Friday, February 22, 2008
Even 'though manufacturing integrated circuits (ICs) is one of the most costly and complex processes known to man ... chips are still susceptible to counterfeiting. Sometimes devices are painstakingly reverse engineered, other times these are simply cheap devices re-marked to make them look like expensive ones.
EU and U.S. senior officials said on Friday they would crack down on counterfeiting of computer components after they seized over 360,000 fake items in just two weeks in a joint operation at the end of last year. ICs and computer components of over 40 trademarks including Intel, Cisco and Philips, worth more than $1.3 billion, were seized during the operation, the officials said.

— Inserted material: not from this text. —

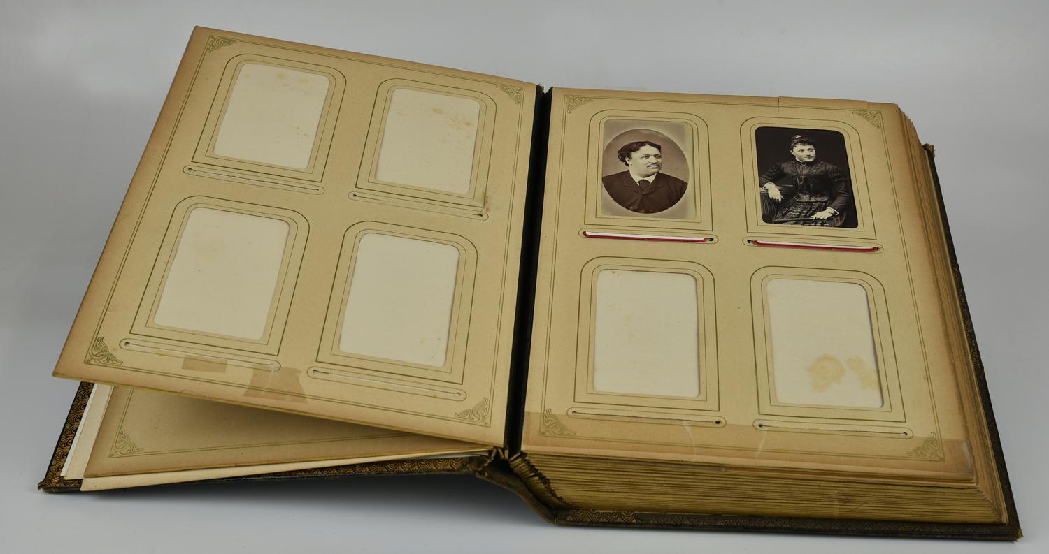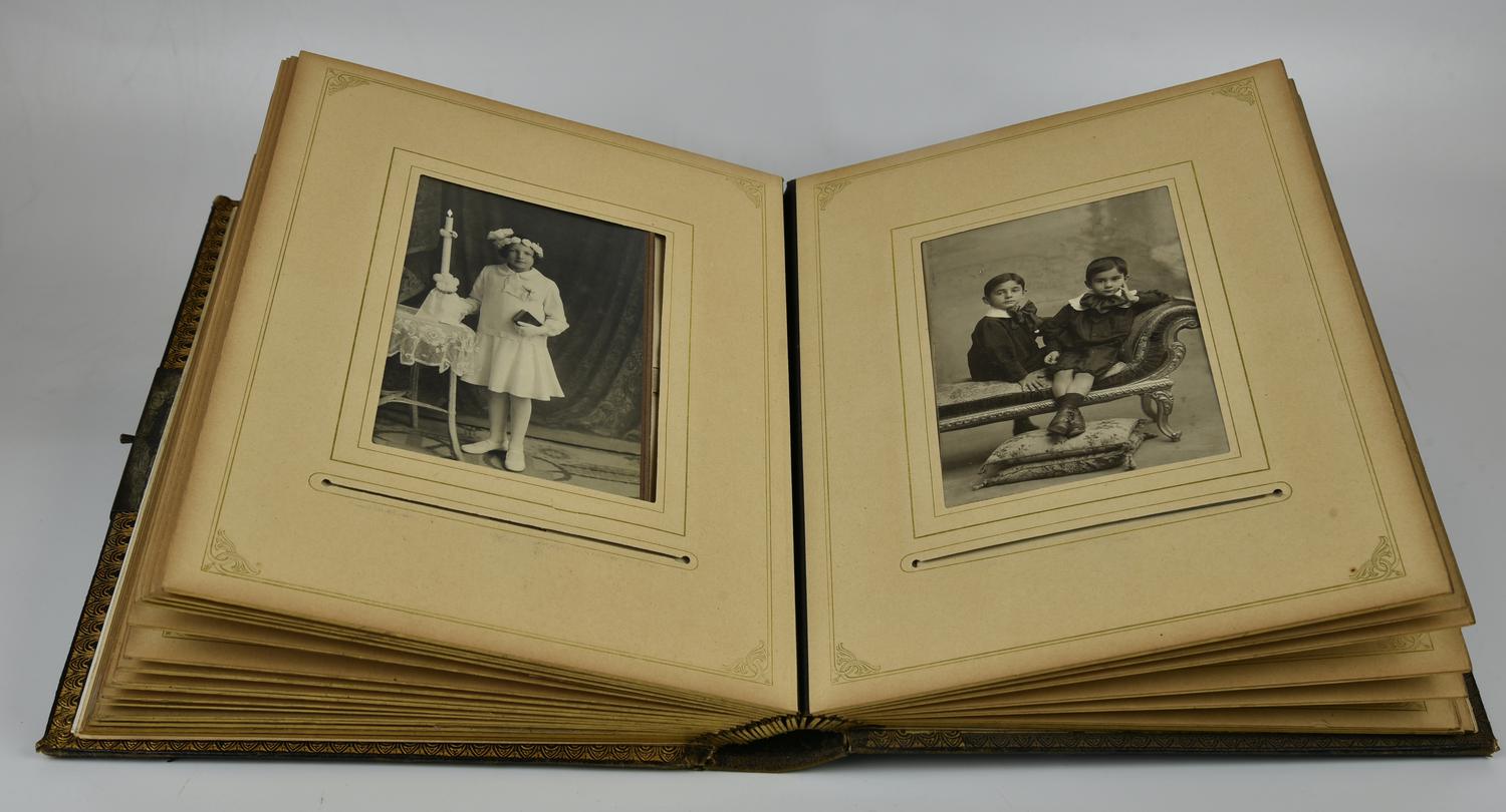 ALBUM FOTOGRAFICO rilegatura in pelle con inserti in metallo argentato e...

All kinds of devices are affected - military spec, consumer electronics, end-of-life products, simple components, complex ICs, assemblies (like Network Interface Cards), and devices (such as phones and routers).
SEMI, the Semiconductor Industry's standards body is developing a global standard to detect and deter counterfeit product. Contact us to find out more about how this will work.
Saturday, February 09, 2008
The German Plagiarius Awards call attention to the most flagrant fakes product imitations and raise awareness about the dangers of piracy. In addition to look-a-likes of chairs and salt & pepper shakers, were medical devices, pens, children's toys, and faucets with 200% too much lead in them. This is a wake-up call to those manufacturers who think they're too small, or their products are too complex, to attract counterfeiters.Perhaps the US Chamber of Commerce, as part of its CACP activities, should do the same?